Colui (pramatr) che giunge alla retta conoscenza (prama) e se ne avvale lo fa solo in funzione dell’uscita dal gioco della conoscenza duale (nel divenire) per realizzare l’Uno-senza-secondo.
Solo colui che ha praticato correttamente il samyama è in grado di svelare l’essenza delle cose (comprese ogni tipo di “percezione sottile”) e quindi della Realtà ultima, e un tale ente non potrebbe di certo fare il medium che si fa riverire o foraggiare impropriamente. Al di fuori di tale posizione coscienziale può esistere solo il ciarlatano dell’Assoluto o un risvegliato in evoluzione dalle necessarie rettifiche di percorso, lungo lo sviluppo delle facoltà latenti, in quanto le sue “percezioni sottili” non possono ancora essere perfette, ma perfettibili. La corretta individuazione e definizione delle “percezioni sottili”, necessita per forza di un graduale percorso di penetrazione coscienziale che conduce al di là di tempo-spazio-causa.
Ci si può imbattere in “percezioni” di apparenti entità che invece sono semplici registrazioni dell’akasa (scene vitali del passato che bisogna saper riconoscere per la mancanza di interazione con il percipiente); oppure “percezioni” che riguardano semplici pensieri-forma o egregore (immagine-forma-energia di un Maestro, di un Avatara, di una divinità archetipica universale, di un santo di qualunque tradizione, ecc., circolanti nell’aura di uno o più astanti, oppure nella pellicola akasica di un ambiente dedicato al sacro); o ancora “percezioni” provocate dall’impatto emotivo-energetico, dell’aspettativa, di un contatto sottile, in un raduno di astanti, che mette in moto, nella mente di ciascuno, immagini evocatorie legate alla forma-entità adorata, consciamente o inconsciamente.

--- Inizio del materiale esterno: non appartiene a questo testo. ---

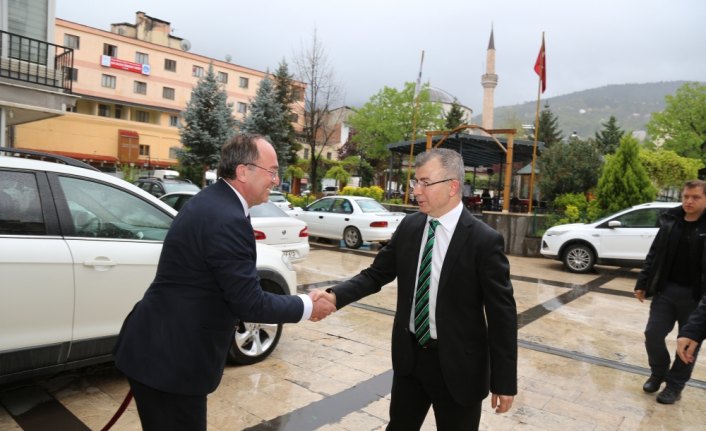 ARTVİN (AA) - Artvin Valisi Yılmaz Doruk, 31 Mart Mahalli İdareler Genel Seçimlerinde Artvin Belediye Başkanı seçilen Demirhan Elçin'e "hayırlı olsun" ziyaretinde bulundu.

Se cerchi, quindi, ancora una “voce” che ti conforti, un “indice” che ti indichi la via, un “fenomeno” per infiammare la tua devozione incerta o instabile, la tua coscienza è ancora nel mondo della necessità, cioè dell’errore e dell’inganno, ovvero nell’esistenza relativa e non nell’Esistenza assoluta.
Quando cerchi ciò che non esiste, mantieni la tua coscienza nell’inganno che ti fa “vedere”, “sentire”, avere la sensazione di stare sperimentando ciò che invece non può esistere.
La maya (ignoranza metafisica, avidya) non può essere compresa subendola: solo la risvegliante Metafisica Assoluta (vidya) può rivelarti la Realtà e quindi il modo per essere “libero” (“svatantrata”), per ottenere la “liberazione” (“moksa”).
Cercare un miracolo, o scambiare per miracolo le sensazioni percepite di una semplice suggestione indotta, rivela che vivi ancora nell’ingannevole dualità, significa che vivi il Dio separato da te stesso: invece c’è solo Brahman l’Assoluto, non duale, e tu ti limiti ancora a cercare un Dio persona che possa guidarti, così da sottrarti, senza alcuna responsabilità, verso le scelte che potresti fare, anche quelle sbagliate, ma che ti farebbero crescere e risvegliare davvero.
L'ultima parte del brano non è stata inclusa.